▸ YOUR GOAL
Keep the pictures out, please, and set down every record exactly.

Stored records:
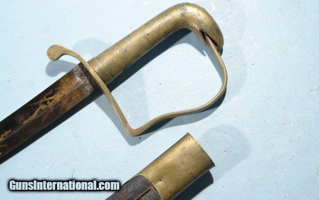 Description: RARE AMERICAN FOOT ARTILLERY MILITIA OFFICER’S PLAIN EAGLE POMMEL SWORD AND SCABBARD BY F.W. WIDMANN CA. LATE 1830’S. 29” overall with 23 ½” blade with gilded floral and martial motif etching on a fire blue ground. Plain stylized brass Eagle Pommel “D” guard hilt stamped on the forward face of the guard in an intaglio cartouche “F.W. WIDMANN/PHILADA”. Leather scabbard with plain brass mounts. Excellent condition with much fire blue and gilding on blade and traces of gilding on the face of the guard about the juncture of the blade. Scabbard excellent. 100% original and in fine condition overall. One of the few examples of this sword with a scabbard as well as one signed by Widmann. SOLD |
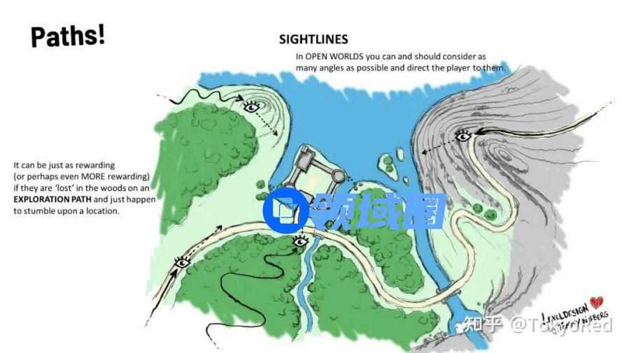 在开放世界中,游戏设计师应该考虑尽可能多的视线角度,并引导玩家前往这些观测点。
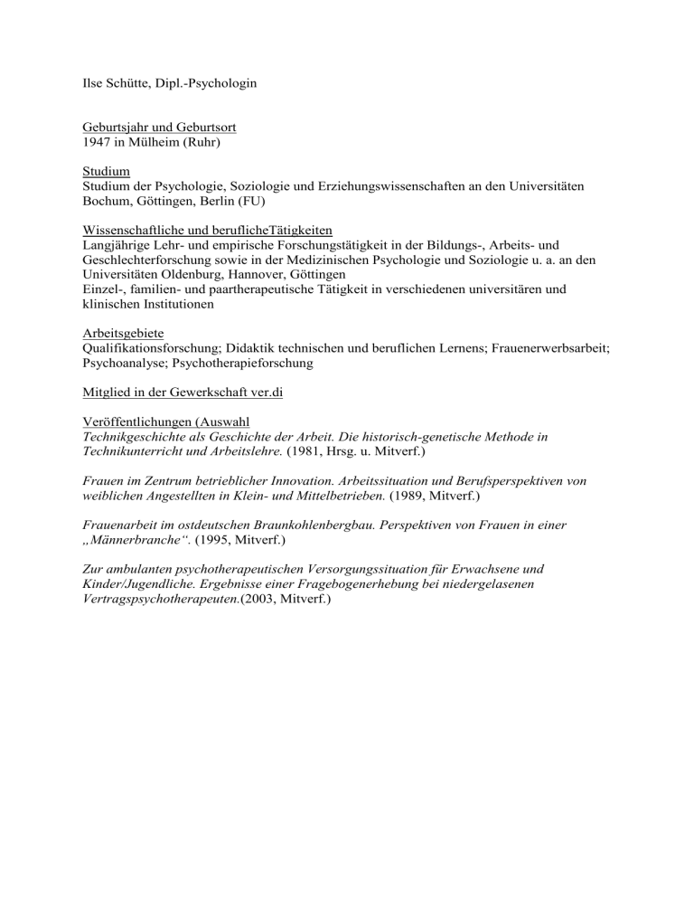 Ilse Schütte, Dipl.-Psychologin Geburtsjahr und Geburtsort 1947 in Mülheim (Ruhr) Studium Studium der Psychologie, Soziologie und Erziehungswissenschaften an den Universitäten Bochum, Göttingen, Berlin (FU) Wissenschaftliche und beruflicheTätigkeiten Langjährige Lehr- und empirische Forschungstätigkeit in der Bildungs-, Arbeits- und Geschlechterforschung sowie in der Medizinischen Psychologie und Soziologie u. a. an den Universitäten Oldenburg, Hannover, Göttingen Einzel-, familien- und paartherapeutische Tätigkeit in verschiedenen universitären und klinischen Institutionen Arbeitsgebiete Qualifikationsforschung; Didaktik technischen und beruflichen Lernens; Frauenerwerbsarbeit; Psychoanalyse; Psychotherapieforschung Mitglied in der Gewerkschaft ver.di Veröffentlichungen (Auswahl Technikgeschichte als Geschichte der Arbeit. Die historisch-genetische Methode in Technikunterricht und Arbeitslehre. (1981, Hrsg. u. Mitverf.) Frauen im Zentrum betrieblicher Innovation. Arbeitssituation und Berufsperspektiven von weiblichen Angestellten in Klein- und Mittelbetrieben. (1989, Mitverf.) Frauenarbeit im ostdeutschen Braunkohlenbergbau. Perspektiven von Frauen in einer „Männerbranche“. (1995, Mitverf.) Zur ambulanten psychotherapeutischen Versorgungssituation für Erwachsene und Kinder/Jugendliche. Ergebnisse einer Fragebogenerhebung bei niedergelasenen Vertragspsychotherapeuten.(2003, Mitverf.)
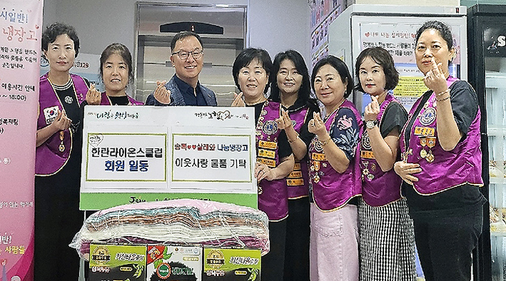 [한라일보] 국제라이온스협회 354-G지구 한란라이온스클럽(회장 김정림)은 지난 11일 제주시 노형동에 위치한 노형주민센터의 나눔 냉장고 '솜뽁살레'에 물품과 송월타월 수건 50장을 기탁했다. 기탁된 물품은 노형동을 포함한 인근 지역의 어려운 이웃들에게 전달된다.
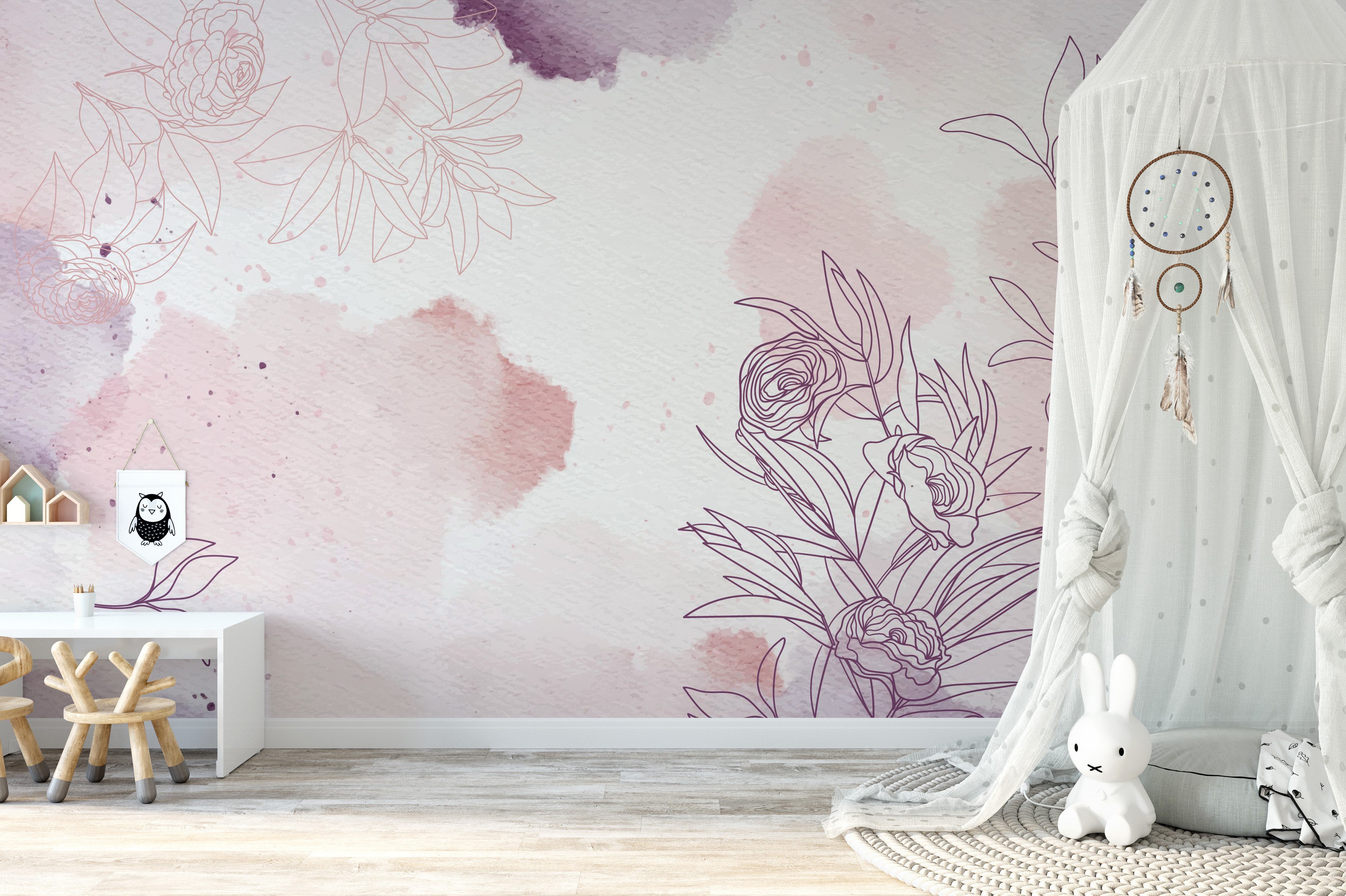 Our pastel pink purple watercolor floral wallpaper will add a soft touch of beauty to your room. This purple background wallpaper has a dreamy mix of soft pink and purple colors that come together to make soft flower designs that make you feel calm and romantic. This piece adds a simple touch of elegance to bedrooms, nurseries, or cozy reading nooks. It's made to last and is easy to set up, and it's a beautiful choice for anyone who wants to add soft floral art to their area. Change your house right now!
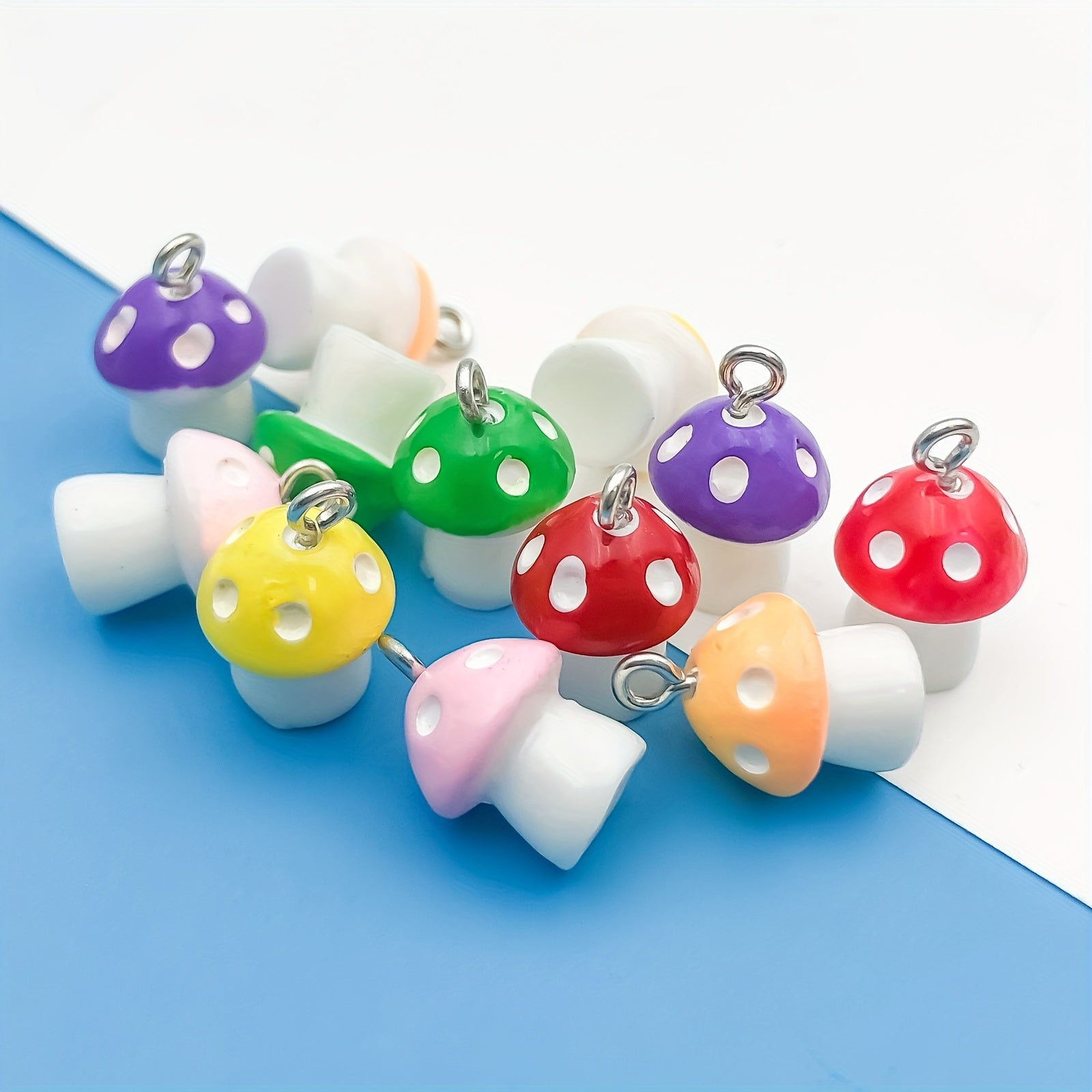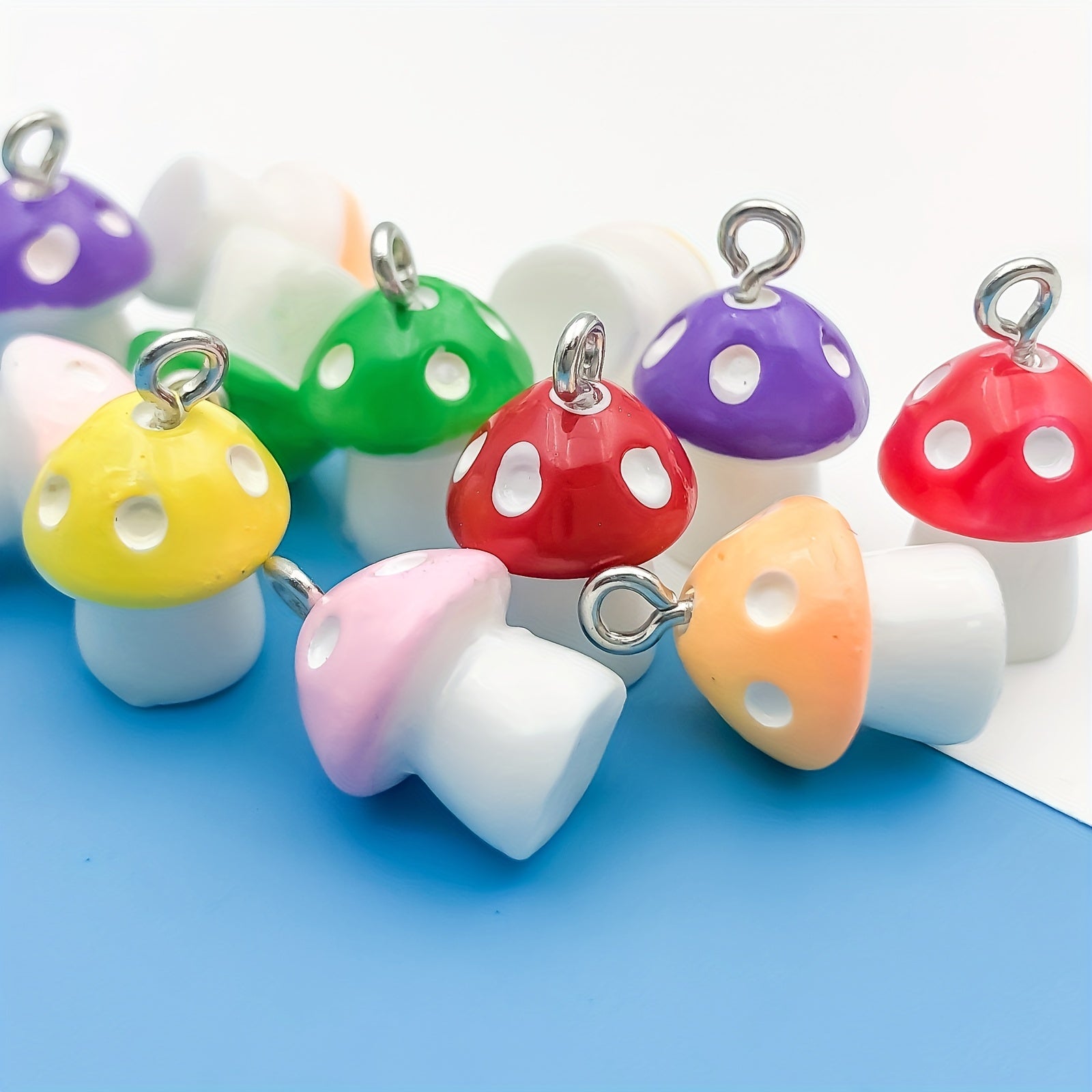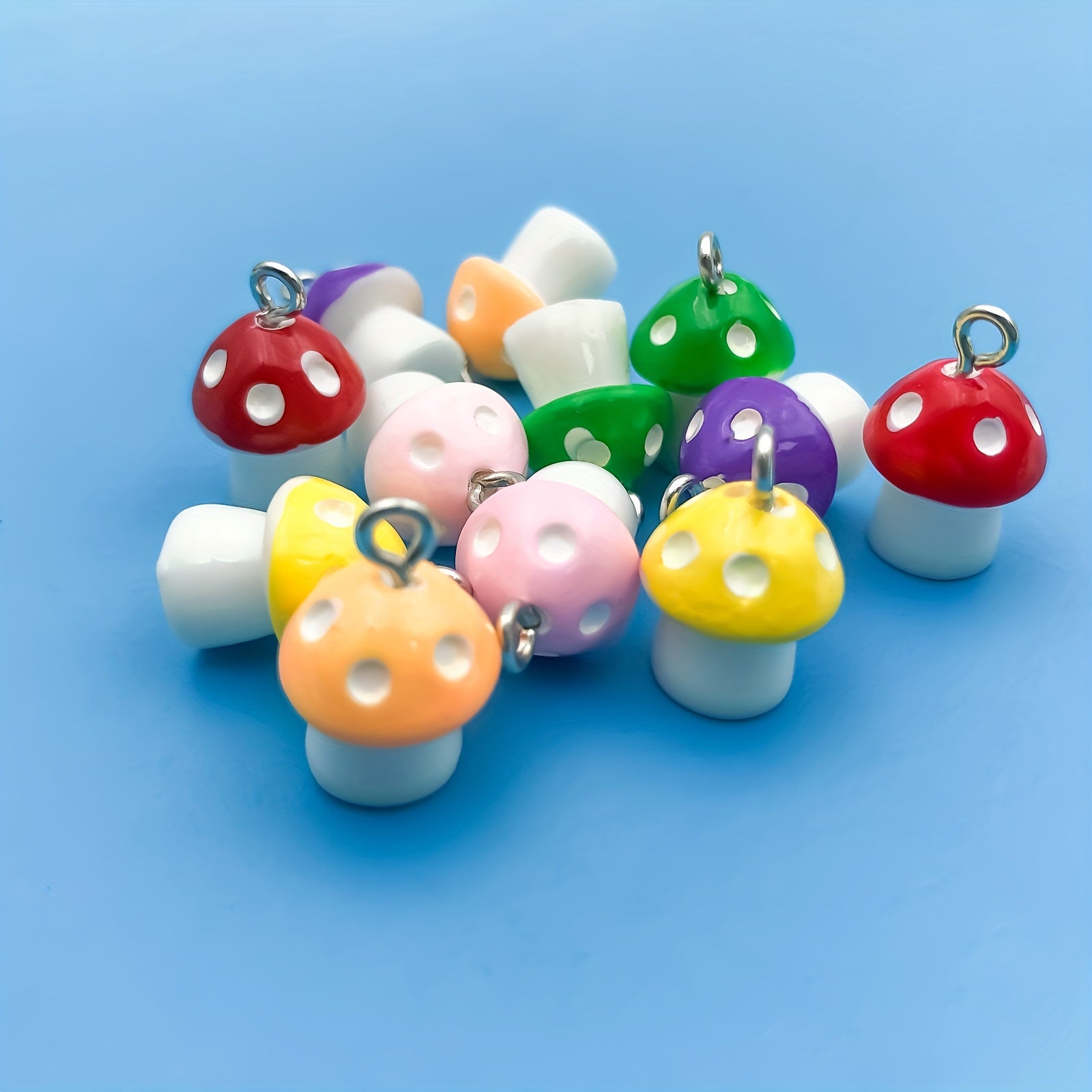 Create unique jewelry with this set of 12 resin mushroom-shaped pendants. Perfect for necklaces, bracelets, and earrings.

▸ RESPONSE FOR THIS EXERCISE
 Description: RARE AMERICAN FOOT ARTILLERY MILITIA OFFICER’S PLAIN EAGLE POMMEL SWORD AND SCABBARD BY F.W. WIDMANN CA. LATE 1830’S. 29” overall with 23 ½” blade with gilded floral and martial motif etching on a fire blue ground. Plain stylized brass Eagle Pommel “D” guard hilt stamped on the forward face of the guard in an intaglio cartouche “F.W. WIDMANN/PHILADA”. Leather scabbard with plain brass mounts. Excellent condition with much fire blue and gilding on blade and traces of gilding on the face of the guard about the juncture of the blade. Scabbard excellent. 100% original and in fine condition overall. One of the few examples of this sword with a scabbard as well as one signed by Widmann. SOLD |
 在开放世界中,游戏设计师应该考虑尽可能多的视线角度,并引导玩家前往这些观测点。
 Ilse Schütte, Dipl.-Psychologin Geburtsjahr und Geburtsort 1947 in Mülheim (Ruhr) Studium Studium der Psychologie, Soziologie und Erziehungswissenschaften an den Universitäten Bochum, Göttingen, Berlin (FU) Wissenschaftliche und beruflicheTätigkeiten Langjährige Lehr- und empirische Forschungstätigkeit in der Bildungs-, Arbeits- und Geschlechterforschung sowie in der Medizinischen Psychologie und Soziologie u. a. an den Universitäten Oldenburg, Hannover, Göttingen Einzel-, familien- und paartherapeutische Tätigkeit in verschiedenen universitären und klinischen Institutionen Arbeitsgebiete Qualifikationsforschung; Didaktik technischen und beruflichen Lernens; Frauenerwerbsarbeit; Psychoanalyse; Psychotherapieforschung Mitglied in der Gewerkschaft ver.di Veröffentlichungen (Auswahl Technikgeschichte als Geschichte der Arbeit. Die historisch-genetische Methode in Technikunterricht und Arbeitslehre. (1981, Hrsg. u. Mitverf.) Frauen im Zentrum betrieblicher Innovation. Arbeitssituation und Berufsperspektiven von weiblichen Angestellten in Klein- und Mittelbetrieben. (1989, Mitverf.) Frauenarbeit im ostdeutschen Braunkohlenbergbau. Perspektiven von Frauen in einer „Männerbranche“. (1995, Mitverf.) Zur ambulanten psychotherapeutischen Versorgungssituation für Erwachsene und Kinder/Jugendliche. Ergebnisse einer Fragebogenerhebung bei niedergelasenen Vertragspsychotherapeuten.(2003, Mitverf.)
 [한라일보] 국제라이온스협회 354-G지구 한란라이온스클럽(회장 김정림)은 지난 11일 제주시 노형동에 위치한 노형주민센터의 나눔 냉장고 '솜뽁살레'에 물품과 송월타월 수건 50장을 기탁했다. 기탁된 물품은 노형동을 포함한 인근 지역의 어려운 이웃들에게 전달된다.
 Our pastel pink purple watercolor floral wallpaper will add a soft touch of beauty to your room. This purple background wallpaper has a dreamy mix of soft pink and purple colors that come together to make soft flower designs that make you feel calm and romantic. This piece adds a simple touch of elegance to bedrooms, nurseries, or cozy reading nooks. It's made to last and is easy to set up, and it's a beautiful choice for anyone who wants to add soft floral art to their area. Change your house right now!
 Create unique jewelry with this set of 12 resin mushroom-shaped pendants. Perfect for necklaces, bracelets, and earrings.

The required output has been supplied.